== Material provided ==

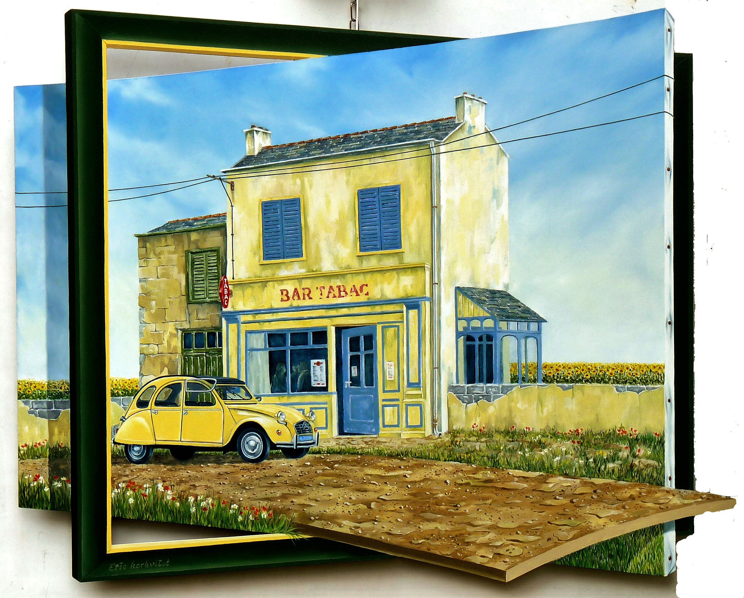 Eric Kerkvliet schildert met olieverf uiterst gedetailleerd voorstellingen op iets verhoogd paneel waardoor bij juiste belichting een Trompe-l’oeil-achtig effect ontstaat.
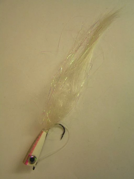 Hauki-popperi 6/0-kokoisella koukulla, koukun suojaksi ruohoontarttumista vastaan laitettu paksua siimaa.
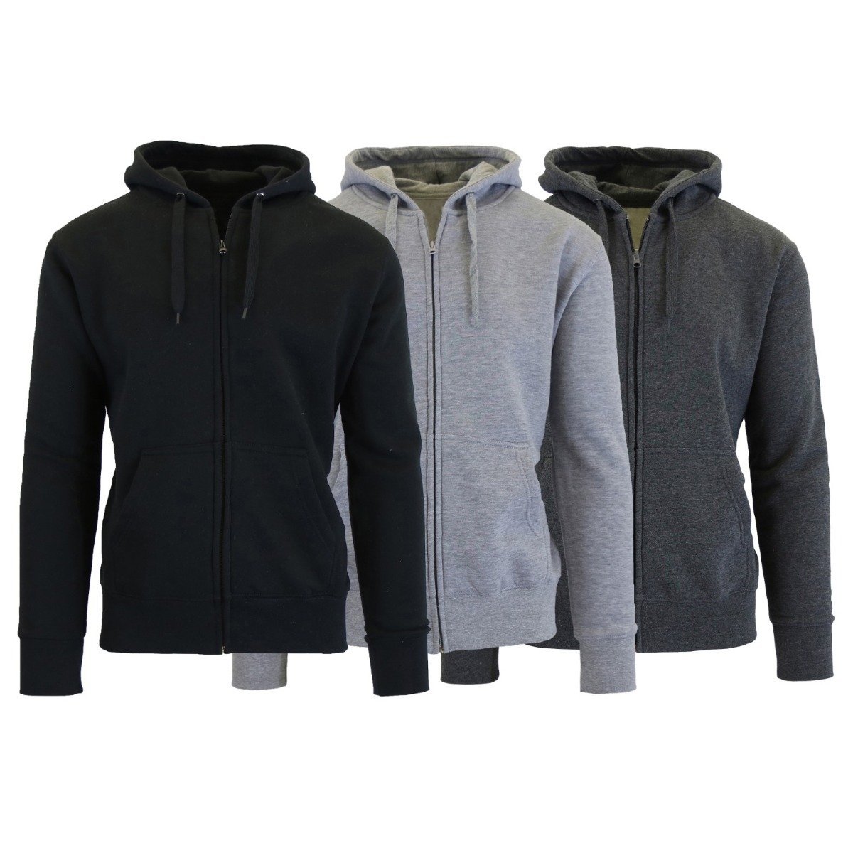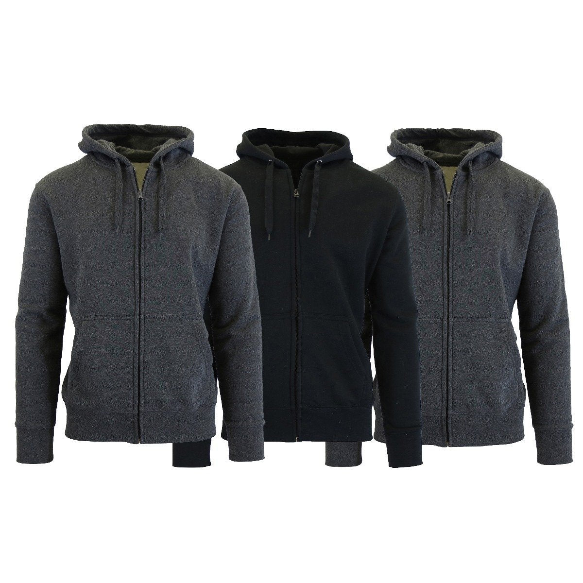 3-Pack Men's Slim-Fit Fleece-Lined Zip Hoodie
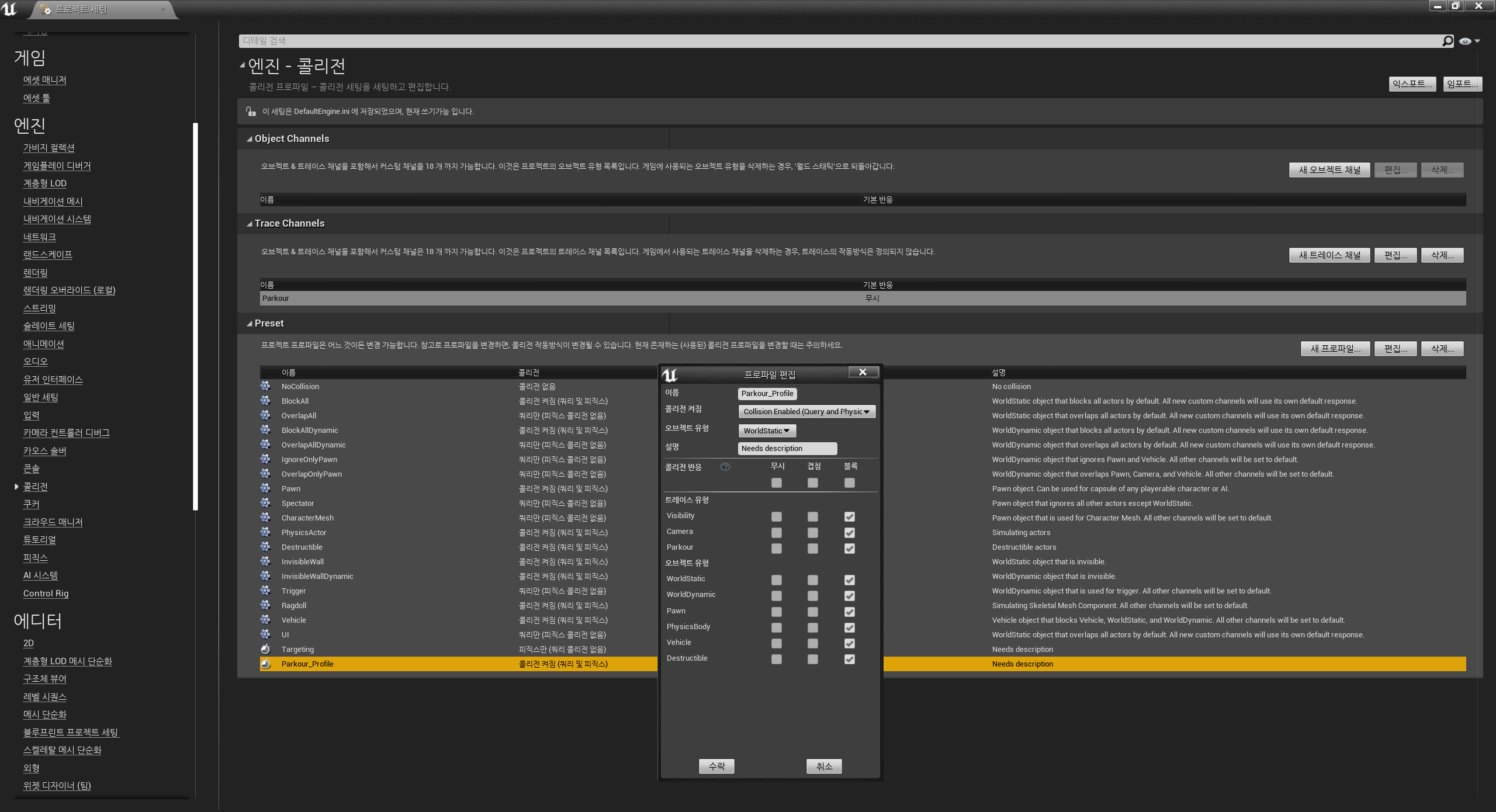 Parkour 라는 이름으로 Trace Channels을 생성하고 기본 반응을 무시(Ignore)로 설정한 뒤, Parkour_Profile 이라는 이름으로 새 프로파일을 만든 뒤, 해당 프로파일만 Parkour를 블록 충돌 하도록 설정하였다.

===

Task brief:
Exactly the lines from the one that contains "Hauki-popperi 6/0-kokoisella koukulla, koukun" to the last line of the data, both included, should be set down, and no pictures should appear among them.

The completed task:
 Hauki-popperi 6/0-kokoisella koukulla, koukun suojaksi ruohoontarttumista vastaan laitettu paksua siimaa.
 3-Pack Men's Slim-Fit Fleece-Lined Zip Hoodie
 Parkour 라는 이름으로 Trace Channels을 생성하고 기본 반응을 무시(Ignore)로 설정한 뒤, Parkour_Profile 이라는 이름으로 새 프로파일을 만든 뒤, 해당 프로파일만 Parkour를 블록 충돌 하도록 설정하였다.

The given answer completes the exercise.